The couple were initially charged with sexual assaults in 2016 on two women and after the case was publicized, charges involving five more women were filed. Robicheaux faces 17 felonies, including five rape charges, while Riley has been charged with 13 felonies. The charges include rape by use of drugs, kidnap to commit rape and oral copulation by anesthesia.
Robicheaux, who appeared on the Bravo reality TV show “Online Dating Rituals of the American Male” and was named “Orange County’s Most Eligible Bachelor” by Orange Coast Magazine in 2013, has been charged with attacks dating to 2009.
Since their arrest, the couple have maintained their innocence and denied having nonconsensual sex with their accusers.
The investigation began in 2016 after complaints by two women who separately told Newport Beach police they were taken to Robicheaux’s house on 44th Street and assaulted.
One woman described the couple as a “Bonnie and Clyde” team who drugged her and forced her to engage in sex acts, according to court documents. No arrests were made immediately after either incident, but detectives continued to work the case for two years.
According to the charges, Robicheaux and Riley attacked other women during that time. A woman in her mid-30s at the time met Robicheaux and Riley through a mutual acquaintance at a Halloween party in Newport Beach in October 2016, according to prosecutors. The pair are accused of drugging her drink with GHB and raping her after she passed out. She awoke during the assault, prosecutors said.
Another woman, in her early 20s, had dinner with Robicheaux in Newport Beach in April 2017 after they met on a dating app, prosecutors said. She told authorities that Riley showed up during the date and pretended to be Robicheaux’s friend, not a love interest. The woman said she went to a bar with them, where they plied her with alcohol and then took her to their home and sexually assaulted her while she was unconscious, prosecutors alleged. The woman awoke during the attack and locked herself in a bathroom for the night, officials said.
Another woman in her early 20s met the couple at a Fourth of July party in 2017, and she said she partied and drank with them on a boat a few days later.
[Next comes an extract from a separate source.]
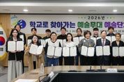 브릿지저널 정보영 기자 | 대전시교육청은 2월 24일 오후 3시, ‘2026년 학교로 찾아가는 예술무대’의 원활한 추진을 위해 20개 예술단체와 업무협약을 체결했다. 이번 협약은 지역 예술인과의 긴밀한 협력을 바탕으로 학교예술교육의 내실을 다지고, 학생들에게 문화예술을 향유할 수 있는 기회를 확대하기 위해 마련됐다. '학교로 찾아가는 예술무대'는 2015년 음악공연 중심의 ‘찾아가는 음악회’로 시작해 2018년 미술·무용·연극 등으로 분야를 확대하면서 현재의 사업명칭으로 변경됐으며, 2025년까지 총 636교에서 예술 공연을 실시했다. 2026년에는 초·중·고 120교를 대상으로 총 2억 1,600만원의 사업비를 지원하여 운영할 계획이다. 오페라, 퓨전국악, 클래식 앙상블, 창작뮤지컬, 연극, 전통예술 등 다양한 장르의 공연을 통해 학생들에게 폭넓고 수준 높은 예술체험 기회를 제공할 예정이며, 단순한 관람을 넘어 예술가와 직접 소통하면서 예술의 즐거움을 체험할 수 있는 참여형·체험형 프로그램을 강화해 운영할 방침이다. 대전오페라단 지은주 대표는 “학교로 직접 찾아가 학생들과 가까이에서

She told authorities the couple invited her to Robicheaux’s house, where the doctor raped her. As part of that investigation, police searched Robicheaux’s home in January 2018.
The search turned up large quantities of illegal drugs, including GHB, MDMA and cocaine, along with two illegal, unregistered assault rifles, four other firearms and several large-capacity magazines, prosecutors said.
But no arrests occurred for nine months.
Spitzer, who was running against Rackauckas in the district attorney’s election when the couple were arrested in the fall, obtained the January search warrant in the case and accused the incumbent prosecutor of failing to act.
That move led Rackauckas to accuse Spitzer of leaking a sealed court document. An alleged victim identified as only Jane Doe No. 5 asked the judge to find Spitzer — who was then an Orange County supervisor — in contempt of court for distributing the affidavit to members of the media.
Spitzer said he obtained the search warrant as a public record before it was sealed Sept. 11. The contents already had been published by The Times. A judge rescinded an initial order forbidding the media from publishing its contents.